Skirmish mode allows players to create unique battlegrounds and challenge other players to compete for the top score online. There is no traditional multiplayer, which is a bit of shame, as the idea of being able to tag-team a Ravenii with a friend makes me think a great opportunity has been missed; the Skirmish mode at least allows players to try and top the leaderboards. Whether that will be enough to foster an online community for the game will have to be seen, but regardless it is a welcome feature of the game that will provide a fair bit of replay-value.

Extinction mode is effectively ‘Horde Mode’, fight off continuous waves of Jackals and Ravenii for as long as you can. This is the mode that would be absolutely fantastic if multiplayer was an option, I firmly believe that playing in a team of 4 (much like other horde modes in certain games) would really add to the experience of Extinction mode. Do not get me wrong, it is still a fun game mode; but as a single-player experience, unless someone really wants to receive the recognition of the ‘high score’, I think many will give it a few tries and move on.

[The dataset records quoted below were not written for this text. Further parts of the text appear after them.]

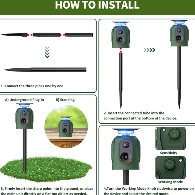 Facile à installer, ce répulsif ne nécessite aucun entretien particulier. Placez-le dans la zone à protéger et laissez-le fonctionner automatiquement. Une solution pratique pour éloigner les nuisibles sans effort.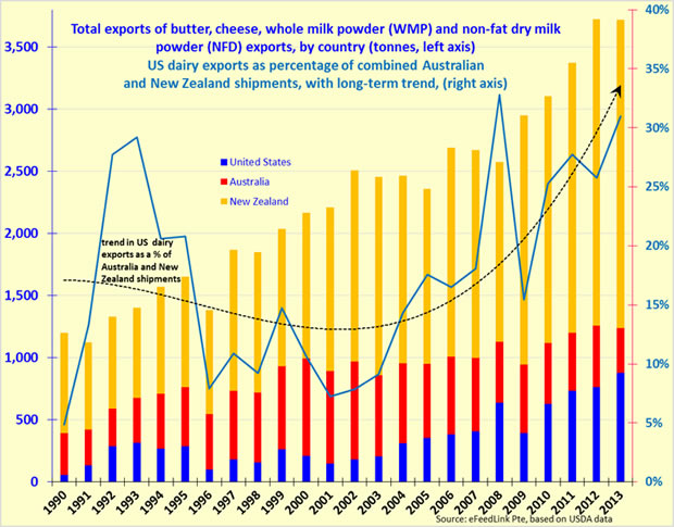 This can be seen in the changing dairy market fortunes of the United States and Australia. According to USDA figures, in 2001, American shipments of butter, cheese, whole milk powder and non-fat dry milk powder amounted to only 20% of Australian exports of these dairy lines. By the late 2000s, American overtook Australia in these dairy exports and in 2013, the United States shipped 2.44 times more the volume of these dairy products than Australia.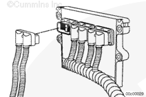 Connect the OEM wiring harness to the ECM. Refer to Procedure 019-071 in the Troubleshooting and Repair Manual CM870 Electronic Control Systems Signature and ISX Engines, Bulletin 4021334.

The daily challenges are self-explanatory (the clue is in the name), and at least give players somewhat of an unknown quantity as to what to expect each day. Whilst fun and a welcome addition to the game, I still do not know whether that is enough to keep players playing consistently after reaching their ‘saturation point’ with the other game modes.

 

Avil

In Summary

Extinction has a lot of great things going for it: stunning animation, colourful and crisp graphics, fitting musical score, fast paced action, skill-based combat, destructible terrain, and of course the gigantic brutes are the main staple of the game. I had a fun time playing through the game for this review, and will certainly be putting a little bit more time into the competitive game modes as well as create a few challenges of my own.

I also find myself conflicted, however. As whilst the game is undoubtedly a lot of fun, I find myself staring at the price tag and wondering if it is ‘that much’ fun? With the campaign being relatively short, and the lack of any true multiplayer; my instincts are that this game should have been priced just slightly lower than what it is currently. But, when I open the game back up, and witness once again the beautiful world that Iron Galaxy has created; I think to myself that the price is actually quite reasonable.

When you consider the time, effort, and passion that has been put into Extinction, I think the price of admission (which is somewhere in the middle of a AAA release and that of a smaller game) is warranted. If you want a fun experience that is not quite like any other game, then this certainly a success in that department.

I just worry that the lack of multiplayer will put off a lot of modern gamers, especially for the console releases. As games which are solely a single-player experience these days are becoming a rare commodity; one could almost say they themselves are on the way to becoming extinct…

 


Final Score: 7.5/10

Iron Galaxy have created a beautiful and action-packed game, which is not quite like anything else out there.

Replayability is the only issue, which lack of multiplayer further compounds.

 

The review copy of this game was a digital code provided by the publisher.